As for old-style energy efficiency oriented cogeneration, buried, almost literally in Section 1253 of Title XII, is Section 1253 “Cogeneration and Small Power Production Purchase and Sale Requirements” is a small headstone.

The thinking behind it reflects the end of an era; the virtual disconnection of life support systems for third party competition. Far from just being the surgical removal of an unnecessary appendix to an already realized national system of deregulation and/or fair competition, as it is meant to appear, the provision jeopardizes the ability of projects focused on achieving energy conservation in a cost effective financeable manner from succeeding - including newly promoted applications, such as those purported to be supported in the provisions of other sections of the electricity title, related to matters such as “demand response”. It’s worth walking through the Section, but as a trail map of the mindset of those stimulating the stampede.

Subsection (a) of proposed section 1253 terminates mandatory obligations to purchase energy from an existing Qualified Facility (“QF”), when that QF has “non-discriminatory access” to one of three different possible markets (all presumably paradigms of perfection achieved in the electric power world or susceptible to the argument that they will soon be achieved):

  • An independently administered auction for both day ahead/real time sales for energy and long term capacity and energy markets; or
     
  • transmission and interconnection administered by an RTO pursuant to a non-discriminatory open access tariff and a “meaningful opportunity” to sell competitive capacity markets and energy markets to buyers other than the utility to which the QF is interconnected (i.e. considering “evidence of transactions” within the “relevant market”; or
     
  • wholesale capacity and energy markets of “comparative competitive quality”
     

In addition, utilities may file for relief even from these obligations with Commission approval on a service territory-wide basis, based on demonstrated compliance with any of the competitive market evaluation tests set forth above. This finding can only be reversed through a notice and comment based procedure.

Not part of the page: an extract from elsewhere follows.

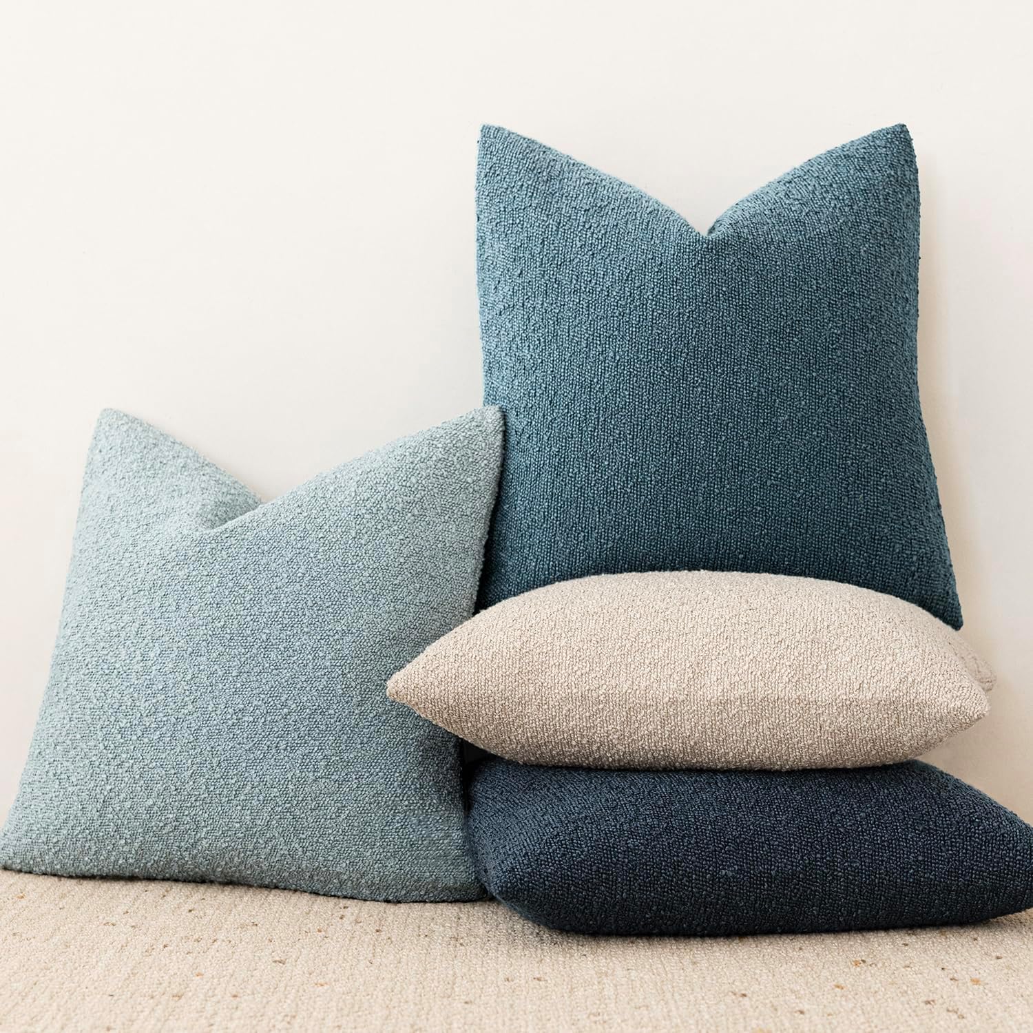 Foindtower Pack of 2 Textured Boucle Throw Pillow Covers Accent Solid Decorative Lumbar Pillow Cases Cozy Couch Cushion Case for Chair Sofa Bedroom Living Room Home Decor 12x20 Inch Misty Blue

Furthermore, the obligation of utilities to sell to QFs would not be required if either there were “competing” retail electric suppliers willing and able to sell in a territory, and the host utility was not required to do so.

As for new cogeneration or small power facilities, they would have no right to avail themselves of PURPA benefits December unless they qualify under a new rulemaking which is provided for under the statute.

That proposed statutory rulemaking would significantly circumscribe QF use. In addition to requiring that thermal energy output be used in a productive and beneficial manner i.e. no PURPA machines, all facility outputs must be used “fundamentally for industrial, commercial or institutional purposes - not for sales to a utility, and to ensure “continuing progress in the development of efficient electric energy generate technology. These new QFs may be owned 100% by regulated utilities.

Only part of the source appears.